Exercise data ::
┄┄┄┄┄┄

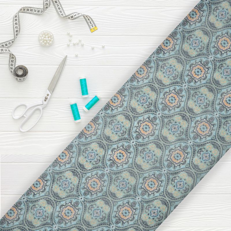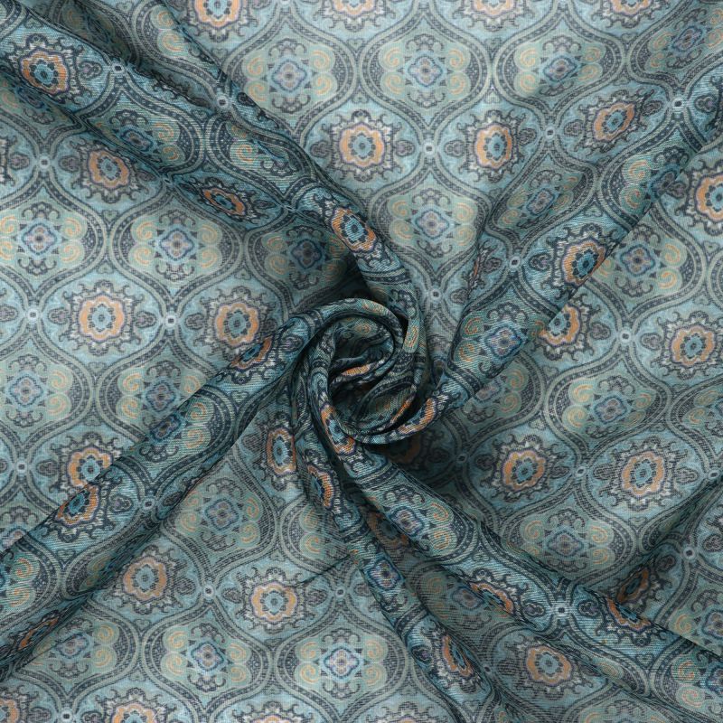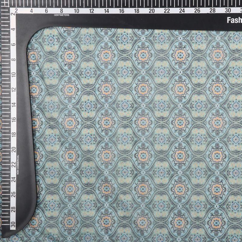 Tea Green And Ocen Blue Trellis Pattern Digital Print Chanderi Fabric
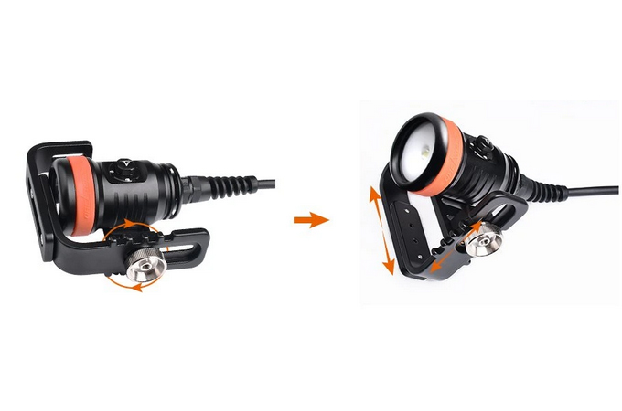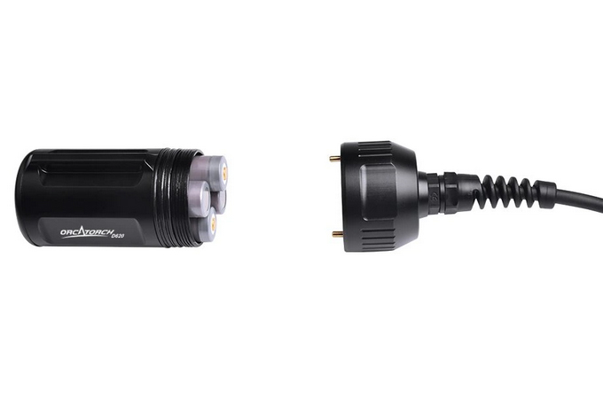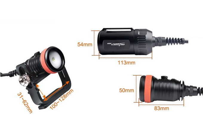 ORCATORCH D620V je hlavní video světlo speciálně navržené pro podvodní dobrodružství, jako je potápění a potápění v jeskyních. Nově navržený spínač lze při otočení o 90 stupňů zablokovat (zamknout), což nejenom nabízí snadné a spolehlivé ovládání, ale také zabraňuje náhodnému zapnutí světla. Přiložená goodmanova otočná ručka je snadno nastavitelná. Světlo využívá 4 ks 18650 baterií a má maximální výkon 2700 lumenů, což z něj dělá svítilnu ideální pro uspokojení vašich potřeb pod vodou.
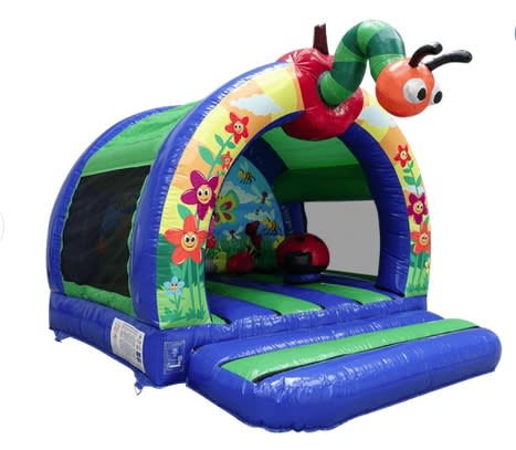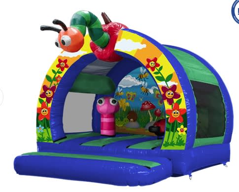 Crafted with a cute curved roof, this original and unusual bugs bouncy castle for hire is covered in smiling flowers all over the entrance and on the back wall. They’re welcomed in by a 3D ‘hungry, hungry caterpillar’, eating his way out of an apple, and inside there’s a red ladybird and a pink wiggly worm to play with too.
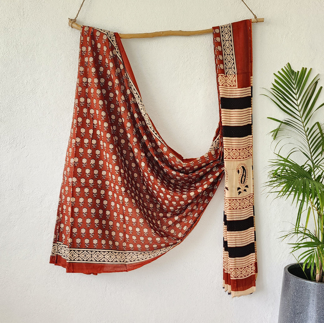 Note: Variation in color and patterns, irregularities in block prints are inherent characteristics of handloom products and are not defects. When a fabric is hand block printed or handwoven there will definitely be variations and irregularities due to dye consistency, pressure applied by block printers at the time of printing, various other environmental, situational and human factors. Handblock / Handloom / Hand dyed products are all 100% handmade, each and every block is hand printed by our artisan one at a time

┄┄┄┄┄┄

Task :: Pictures do not belong in the copy; repeat the rest of the listing exactly.

Exercise response ::
 Tea Green And Ocen Blue Trellis Pattern Digital Print Chanderi Fabric
 ORCATORCH D620V je hlavní video světlo speciálně navržené pro podvodní dobrodružství, jako je potápění a potápění v jeskyních. Nově navržený spínač lze při otočení o 90 stupňů zablokovat (zamknout), což nejenom nabízí snadné a spolehlivé ovládání, ale také zabraňuje náhodnému zapnutí světla. Přiložená goodmanova otočná ručka je snadno nastavitelná. Světlo využívá 4 ks 18650 baterií a má maximální výkon 2700 lumenů, což z něj dělá svítilnu ideální pro uspokojení vašich potřeb pod vodou.
 Crafted with a cute curved roof, this original and unusual bugs bouncy castle for hire is covered in smiling flowers all over the entrance and on the back wall. They’re welcomed in by a 3D ‘hungry, hungry caterpillar’, eating his way out of an apple, and inside there’s a red ladybird and a pink wiggly worm to play with too.
 Note: Variation in color and patterns, irregularities in block prints are inherent characteristics of handloom products and are not defects. When a fabric is hand block printed or handwoven there will definitely be variations and irregularities due to dye consistency, pressure applied by block printers at the time of printing, various other environmental, situational and human factors. Handblock / Handloom / Hand dyed products are all 100% handmade, each and every block is hand printed by our artisan one at a time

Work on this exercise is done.